If Charles Dickens were to come back to earth, I’ve got a great novel idea for him because let me tell you, the plight of the French peasantry has nothing on these folks.
As we’ve been covering here at ThePopTort, the horrendous situation created by Indiana’s $5 million overall incident “cap” on damages is finally hitting home. Yesterday, Ken Feinberg, who has done such a bang up job for victims of the Gulf oil spill on behalf of BP (not really), and who was tapped to do the same on behalf of the state for victims of the Indiana State Fair stage collapse, announced yesterday that the families of the seven people killed will get $300,000. And get this (not that we should be surprised). Just as he did for BP, Feinberg is pressuring these families to sign quickly and requiring a complete liability release, so if they take this paltry sum, these families can’t even challenge the cap in court:
If families and victims agree to the payments, they wouldn't be allowed to sue the state. Indiana law caps the state's liability at $5 million, and some victims' families have already filed lawsuits challenging that limit. The offers must be accepted or rejected by Monday....

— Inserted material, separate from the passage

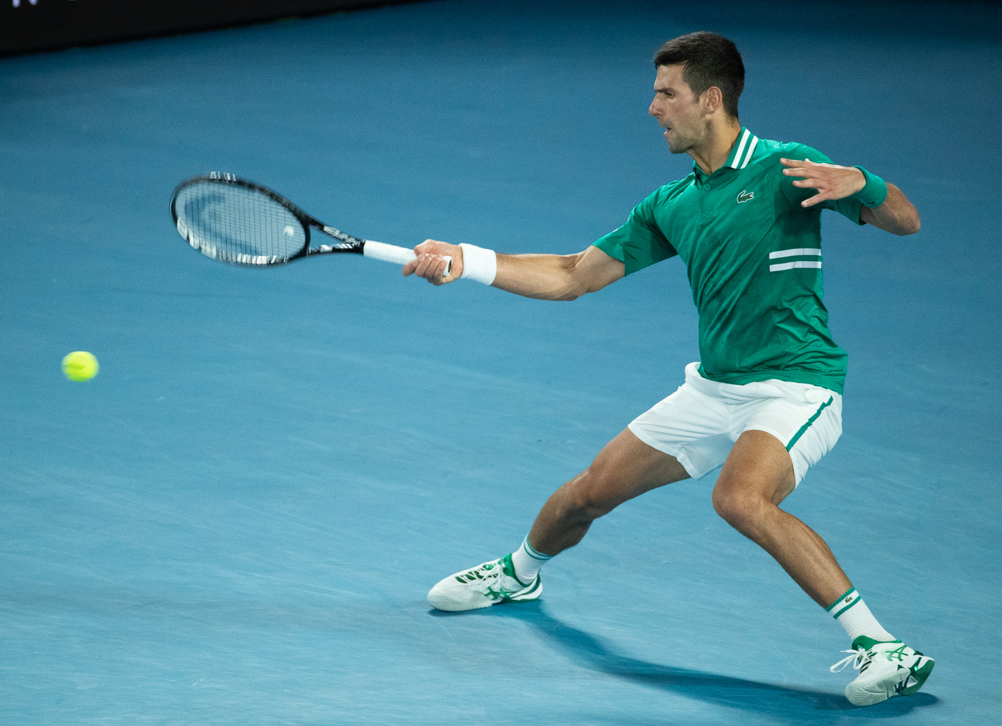 2月16日,焦科维奇在比赛中回球。新华社发(胡泾辰摄)

Attorney Mario Massillamany said his client Lisa Hite suffered head injuries and a fractured heel but was offered only about $7,000. Her medical bills are already six times that amount, let alone her lost wages and future bills.
Plus they offered "$500,000 to a 17-year-old boy who suffered full-body paralysis." Yet Indiana isn’t alone in its cruelty. On Monday a Philadelphia area jury awarded $14 million to a young women who had to have her leg amputated while still a high school student, when a school bus plowed into a group a students. But Pennsylvania has a $500,000 liability cap for municipalities and school districts, so the judge is going to have the ignore the jury (whose award included $3 million so she can get things like prosthetics) and reduce the award to the cap – if she’s lucky. As AP writes, like Indiana’s law,
The $500,000 cap applies to all awards stemming from a single incident. And seven others have sued over injuries from the crash. If the cap is upheld, Zauflik could be left to share the $500,000 with any others who win damage awards.
Meanwhile, yesterday a big settlement was announced for the families of those 29 miners killed last year in the Massey Energy Upper Big Branch mine explosion in West Virginia. The company, now owned by Alpha, will pay $46.5 million to the families of those killed and to the two co-workers who lived. That’s $1.5 million per family. The company will also “spend $80 million to boost safety in all of its underground mines and set up a $48 million fund for mining-safety and health research. Alpha Natural Resources also agreed to pay $34.8 million in fines and fees that Massey Energy owed to the Mine Safety and Health Administration.”
CBS reports,
“The settlement was bitterly criticized by some of the dead men's relatives, who said they won't be satisfied until charges are filed against those they consider responsible for the catastrophe, the nation's deadliest mine accident in 40 years.
Gary Quarles, whose son Gary Wayne Quarles died in the disaster, said: "I want to hear names, and I want to know what they're going to be charged for. Today would have been a fine day for them to have told us.” The families still want criminal prosecutions.
Yes, the settlement begs for more. But compared to victims of disasters caused by government entities, at least they’ve left the starting gate.




In the Indiana stage collapse case the $300k amount for the seven folks that died is consistent with the wrongful death statute, which has a 300k cap. See IC 34-23-1-2. The statutory cap is unfair in most circumstances just like the $1.25 million medical malpractice cap.